A smart guide for identifying different architectural styles

July 28, 2015

Buildings have changed greatly in appearance over the centuries, thanks to engineering progress, social demands and altering fashion. Here's a guide to recognizing some of the most significant styles.

A smart guide for identifying different architectural styles

Getting started

A building's look isn't always a reliable guide to its age; architectural styles, like fashions in clothing, are subject to revival.

  • Part of the interest lies in identifying the styles that have influenced a later building; the White House in Washington D.C., for example, borrows heavily from the classical era, while London's Houses of Parliament are a Gothic flight of fancy.

Classical and renaissance

The architecture of ancient Greece and Rome was characterised by distinct 'orders', most recognisable by their style of column.

  • In the Renaissance age, architecture — like all the arts — strove to revive Greek and Roman principles.
  • There was a new interest in classical proportions, and the five orders were re-introduced.
  • These classical ideas were also applied to new, technically innovative features such as the tall dome (unknown to the Greeks), and architects such as Andrea Palladio (1508-80) took the idea of a columned classical temple and turned it into a façade – both ideas were copied by Christopher Wren (1632-1723) at St Paul's Cathedral in London.

Baroque and rococo

The simple classical lines of Renaissance architecture gradually gave way to a style that was more theatrical, sumptuous and decorative.
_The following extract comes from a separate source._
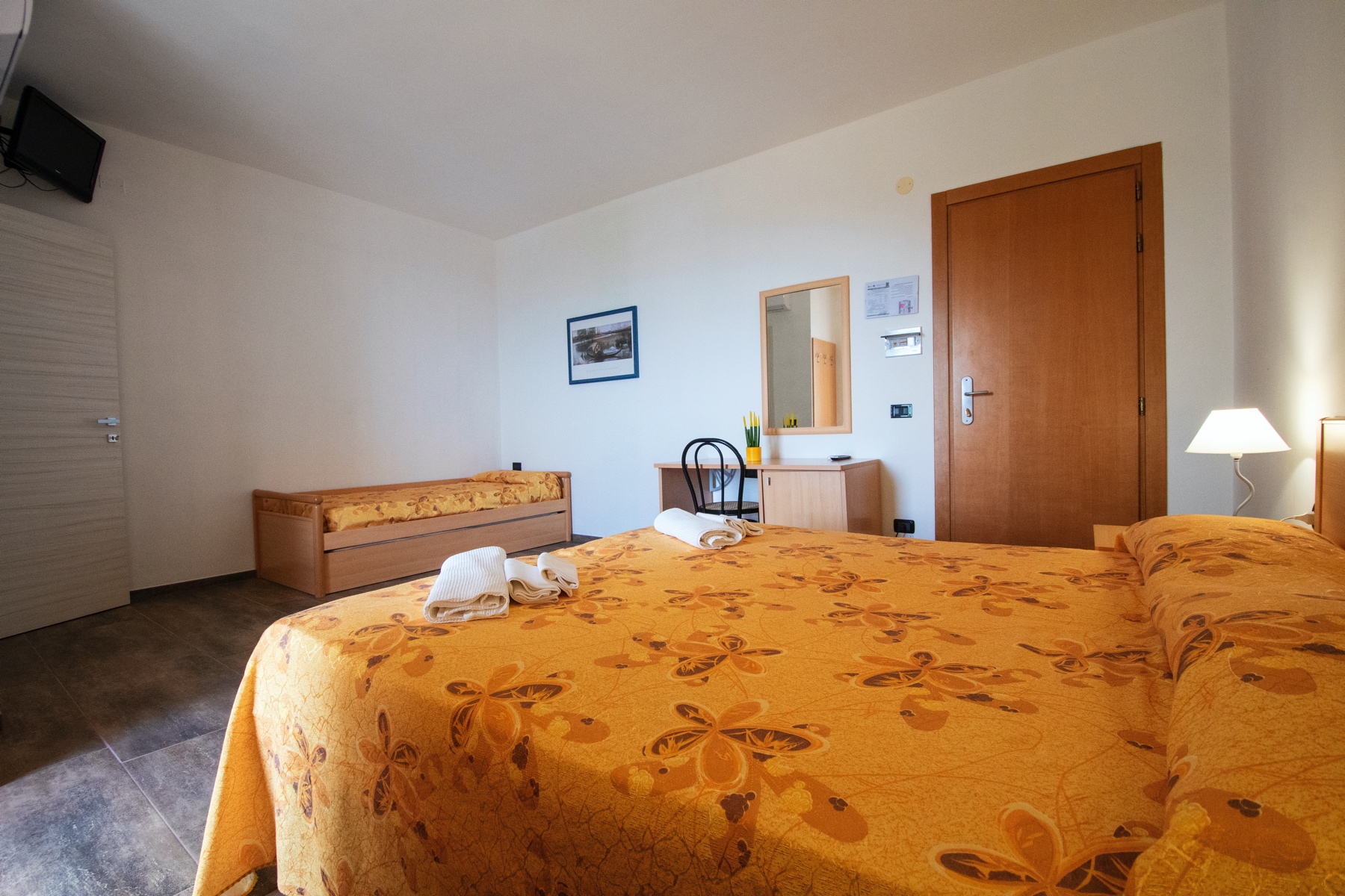 Le camere Standard (occupazione massima 4 adulti) dispongono di servizi privati con doccia, asciugacapelli, aria condizionata, telefono, minibar, cassaforte e Tv-sat. Su richiesta con supplemento: camera vista mare.

This style is known as baroque and culminated in the frivolous and light-hearted rococo style.

  • The first buildings in the baroque style were commissioned by the Catholic Church in late 16th-century Italy, but the style gradually travelled throughout Europe and was used in secular as well as religious buildings, including the great Palace of Versailles outside Paris.
  • The Frauenkirche in Dresden, Germany, is a fine example of the late baroque period. It was built in 1726, destroyed by Allied bombing in 1945, and then rebuilt and reopened in 2005.

Art nouveau

Architecture in the art nouveau style came to the fore around the turn of the 20th century.
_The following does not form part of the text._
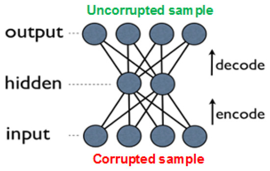 An improved approach, which outperforms basic autoencoders in many tasks, is due to denoising autoencoders (DAEs) [29,31]. These are built as regular AEs, where each input is corrupted by added noise, or by setting to zero some portion of the values. Although the input sample is corrupted, the network’s objective is to produce the original (uncorrupted) values in the output layer (see Figure 6). Forcing the network to recreate the uncorrupted values results in reduced network overfitting (also due to the fact that the network rarely receives the same input twice), and in extraction of more high-level features. Note that the noise is added only during training, while in prediction time the network is given the uncorrupted input.
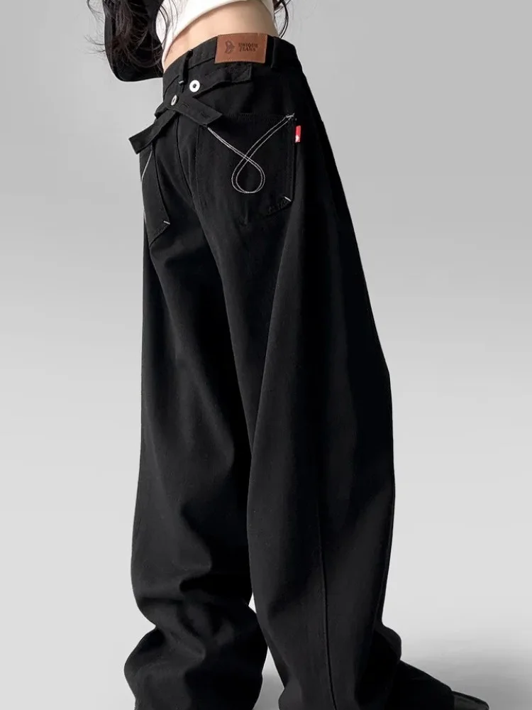한국어 빈티지 하이 웨스트 여성 청바지 Y2K 슬리밍 배 모양의 느슨한 스트레이트 벨 바닥 블랙 그레이 헐렁한 데님 바지

  • Its most noticeable feature is a playful obsession with stylized plant forms, both inside and outside a building.
  • It might take the form of a wrought iron balcony made to look like tangled ivy, or a sinuous staircase and balustrade, lettering that's curled like roots or fronds, or walls with organic curves, as if they had grown out of the earth rather than been built to a plan.
  • The Spanish architect Antoni Gaudi (1852-1926) filled Barcelona with such buildings, including his unfinished cathedral, the Sagrada Familia.

Art deco

The art deco style, which originated in the 1920s directly after art nouveau, is a kind of opposite: its defining characteristics are streamlined, mechanical shapes and strictly geometric patterns (think of New York's Empire State Building).

  • Art deco buildings also feature unashamedly industrial materials such as gleaming chrome, polished enamel and expanses of glass.

Keep this guide in mind and impress your friends with your ability to quickly recognize and identify different architecture styles.